Scale `X` using either Min–Max or Standardization, retrain KNN, and store accuracy in acc_scaled.

In [166]:
# put your answer here
from sklearn.preprocessing import StandardScaler

# 1. Initialize Scaler
scaler = StandardScaler()

# 2. Scale the entire Feature Matrix X (both Year and Duration)
# This converts everything to Z-scores (centered around 0)
X_scaled = scaler.fit_transform(X)

# 3. Split the SCALED data (Must use same random_state=42 for fair comparison)
X_train_sc, X_test_sc, y_train_sc, y_test_sc = train_test_split(X_scaled, y, test_size=0.2, random_state=42)

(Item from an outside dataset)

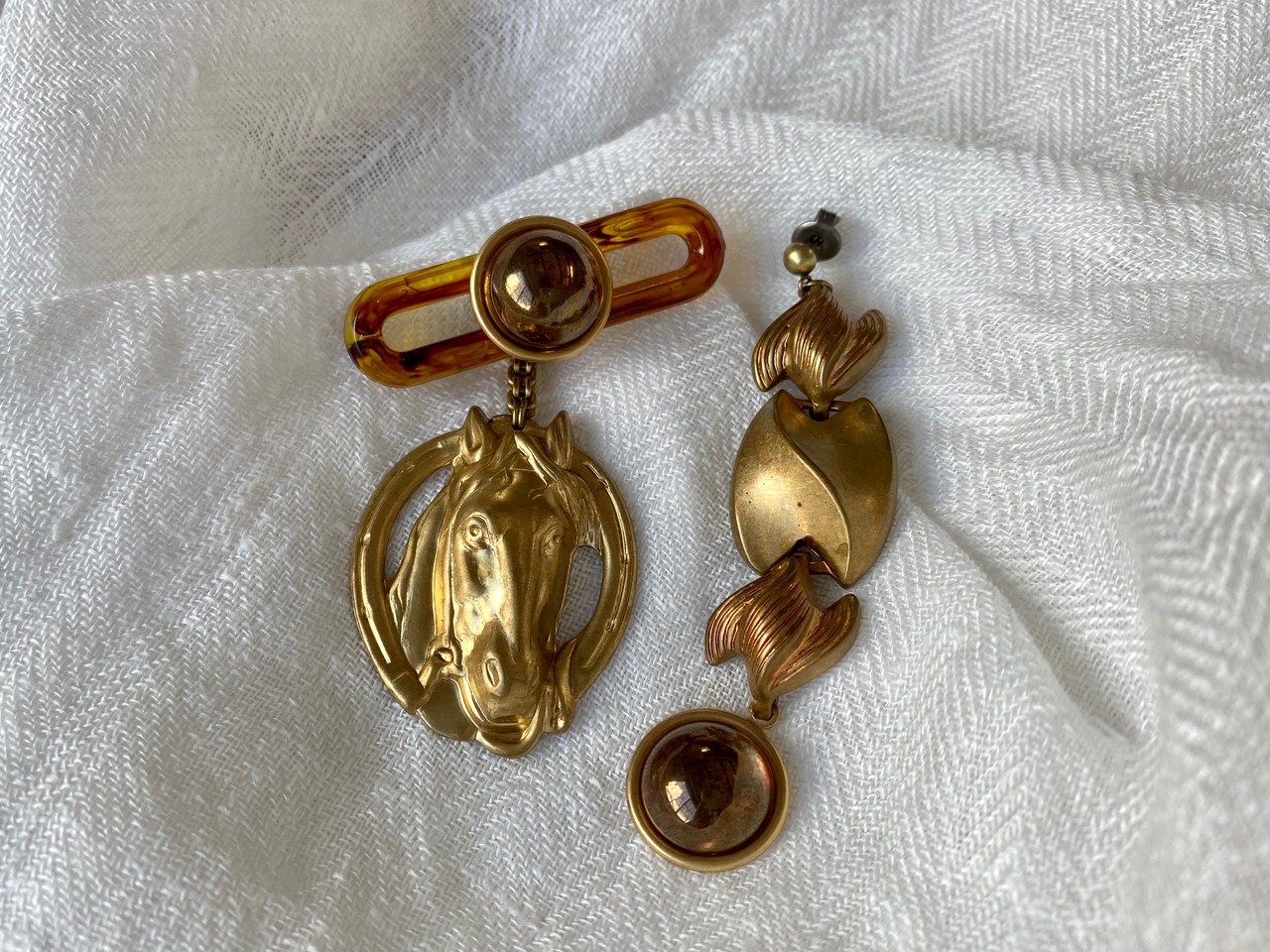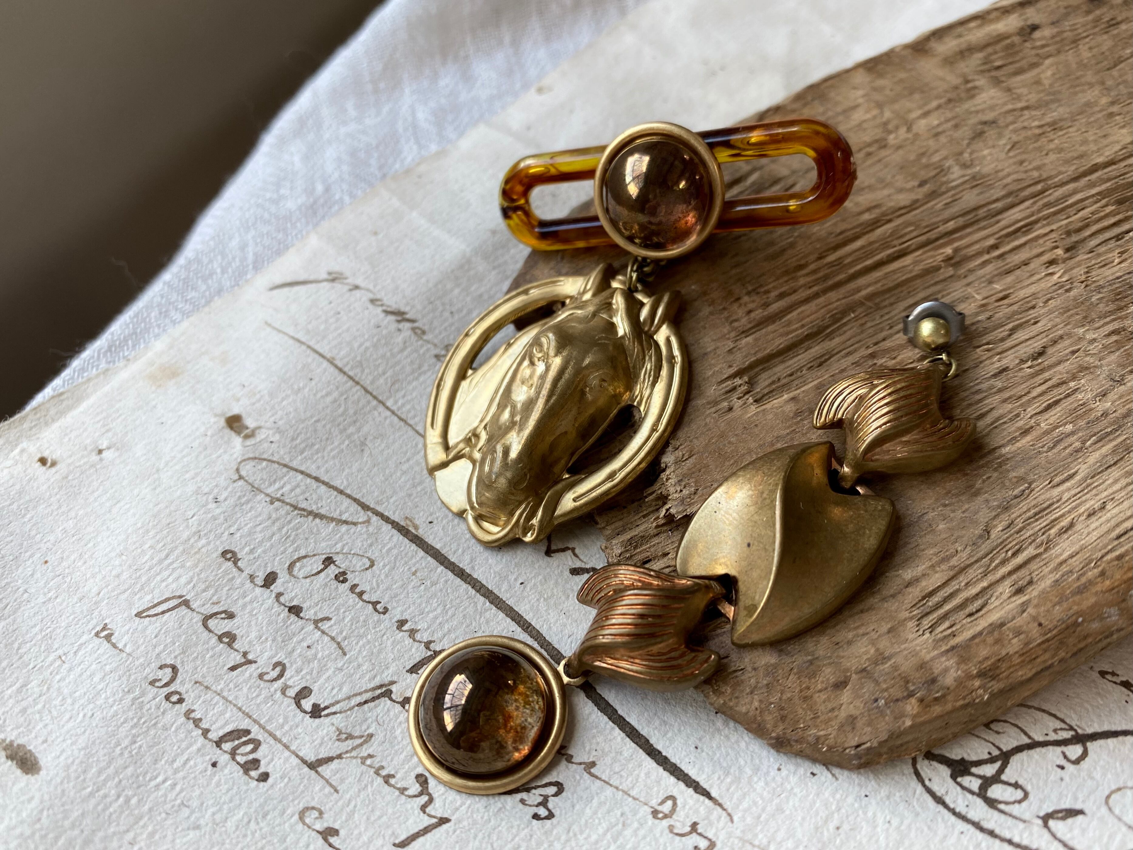 ヴィンテージパーツを使用して、アシンメトリーなピアスを作りました。

# 4. Train KNN on Scaled Data
knn.fit(X_train_sc, y_train_sc)

# 5. Predict and Calculate Accuracy
y_pred_sc = knn.predict(X_test_sc)
acc_scaled = accuracy_score(y_test_sc, y_pred_sc)

print(f"Accuracy (Scaled Data): {acc_scaled:.4f}")

Accuracy (Scaled Data): 0.9977


Did scaling improve accuracy? Explain why.

# No, the scaled data did not improve the accuracy on my dataframe. I think this is because of the methodology and dataset limitations, this can be mitigated in ways such as better and more accurate duration calculation and lessening convertions.